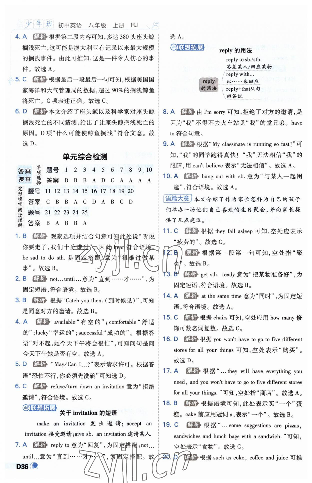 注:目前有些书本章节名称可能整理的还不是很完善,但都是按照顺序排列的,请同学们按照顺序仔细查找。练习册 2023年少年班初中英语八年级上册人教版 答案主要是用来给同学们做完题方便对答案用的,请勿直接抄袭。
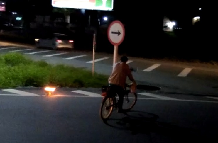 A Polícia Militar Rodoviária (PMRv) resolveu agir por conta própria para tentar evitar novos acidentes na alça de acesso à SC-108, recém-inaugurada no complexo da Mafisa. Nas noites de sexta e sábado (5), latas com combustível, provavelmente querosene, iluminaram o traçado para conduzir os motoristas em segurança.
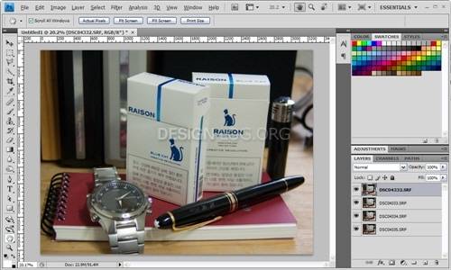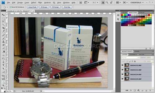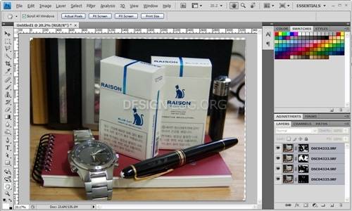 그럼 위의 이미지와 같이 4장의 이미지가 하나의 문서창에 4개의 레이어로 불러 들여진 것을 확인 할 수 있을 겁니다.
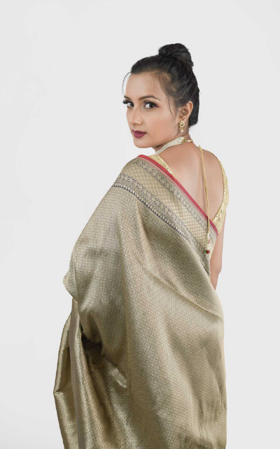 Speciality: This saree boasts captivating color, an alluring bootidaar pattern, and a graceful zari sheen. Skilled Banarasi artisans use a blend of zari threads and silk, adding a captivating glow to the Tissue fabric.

==

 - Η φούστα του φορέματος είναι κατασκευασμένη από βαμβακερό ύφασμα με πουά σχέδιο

==

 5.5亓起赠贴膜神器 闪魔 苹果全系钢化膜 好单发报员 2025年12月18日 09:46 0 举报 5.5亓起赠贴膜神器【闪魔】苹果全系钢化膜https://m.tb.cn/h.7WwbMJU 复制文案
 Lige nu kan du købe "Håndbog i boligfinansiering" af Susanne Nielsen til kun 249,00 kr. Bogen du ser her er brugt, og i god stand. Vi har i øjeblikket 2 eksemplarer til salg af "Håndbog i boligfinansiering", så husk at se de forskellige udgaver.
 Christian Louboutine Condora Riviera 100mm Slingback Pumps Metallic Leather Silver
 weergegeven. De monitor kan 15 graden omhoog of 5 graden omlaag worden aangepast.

• [Instructions to follow]: Set down precisely the lines above between the line holding "Lige nu kan" and the line holding "weergegeven. De monitor", inclusive, and nothing beyond them.

• [Result of this exercise]:
 Lige nu kan du købe "Håndbog i boligfinansiering" af Susanne Nielsen til kun 249,00 kr. Bogen du ser her er brugt, og i god stand. Vi har i øjeblikket 2 eksemplarer til salg af "Håndbog i boligfinansiering", så husk at se de forskellige udgaver.
 Christian Louboutine Condora Riviera 100mm Slingback Pumps Metallic Leather Silver
 weergegeven. De monitor kan 15 graden omhoog of 5 graden omlaag worden aangepast.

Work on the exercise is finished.